--- START ---

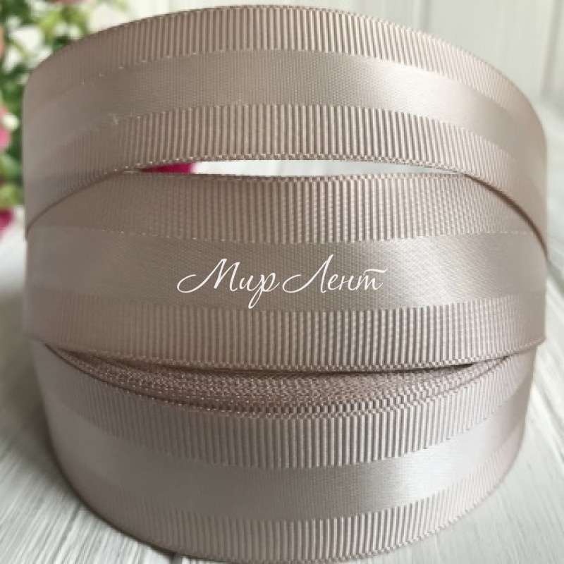 Репс з атласною смугою, 2,5 см, бежевий, метр
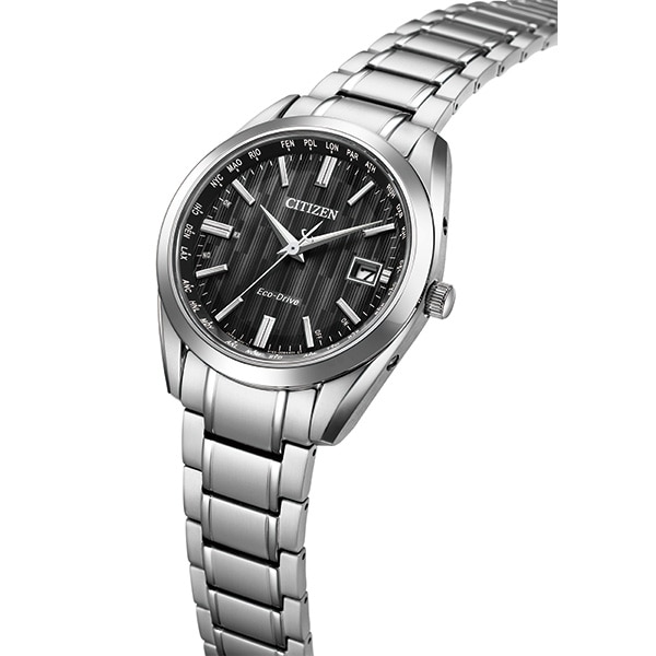 ケースとバンドにスーパーチタニウムを採用した、ベーシックな3針タイプのエコ・ドライブ電波時計。縦方向にパターンをあしらったシンプルで見やすい文字板でビジネスシーンはもちろん、日常の幅広いシーンにフィットするデザインです。ベゼルとバンドにミラー面をプラスすることで、上質感を演出しています。
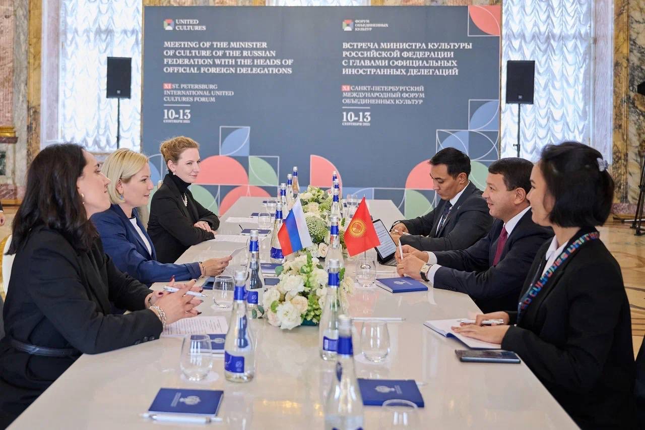 Маданият министри Мирбек Мамбеталиев менен Россия Федерациясынын Маданият министри Ольга Любимова иш-чарага болгон даярдыктарды талкуулашты. Жолугушуу Бириккен маданияттардын XI форумунун алкагында өттү.
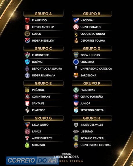 Conmebol sorteia grupos da Copa Libertadores 2026
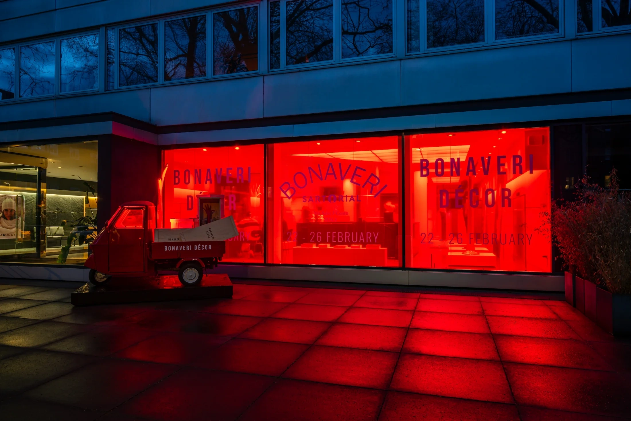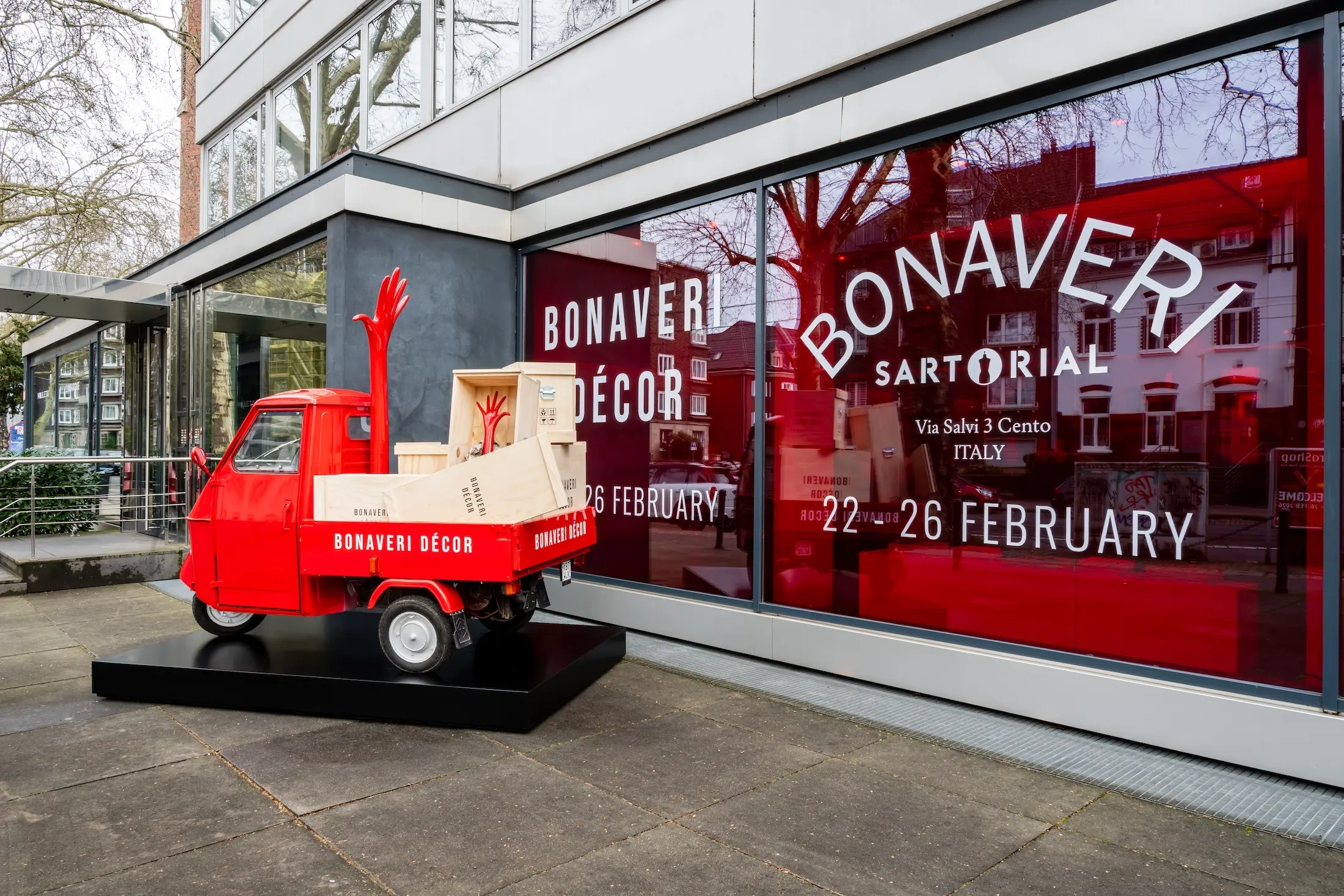 Upon arriving at the showroom, the windows are covered with semi-translucent red vinyl, playfully using Bonaveri Red to attract the attention of passing traffic. The branded Ape van paid homage to an archival Bonaveri delivery van that debuted in the brand’s launch content (Chapter 4) and was parked outside, loaded with the collection’s shipping crates, serving as a humorous nod to nostalgic Italy and the Bonaveri homeland.

--- END ---

◆ Action item ◆
All of the entries above are to be transcribed word for word, with no pictures included.

◆ Response to this exercise ◆
 Репс з атласною смугою, 2,5 см, бежевий, метр
 ケースとバンドにスーパーチタニウムを採用した、ベーシックな3針タイプのエコ・ドライブ電波時計。縦方向にパターンをあしらったシンプルで見やすい文字板でビジネスシーンはもちろん、日常の幅広いシーンにフィットするデザインです。ベゼルとバンドにミラー面をプラスすることで、上質感を演出しています。
 Маданият министри Мирбек Мамбеталиев менен Россия Федерациясынын Маданият министри Ольга Любимова иш-чарага болгон даярдыктарды талкуулашты. Жолугушуу Бириккен маданияттардын XI форумунун алкагында өттү.
 Conmebol sorteia grupos da Copa Libertadores 2026
 Upon arriving at the showroom, the windows are covered with semi-translucent red vinyl, playfully using Bonaveri Red to attract the attention of passing traffic. The branded Ape van paid homage to an archival Bonaveri delivery van that debuted in the brand’s launch content (Chapter 4) and was parked outside, loaded with the collection’s shipping crates, serving as a humorous nod to nostalgic Italy and the Bonaveri homeland.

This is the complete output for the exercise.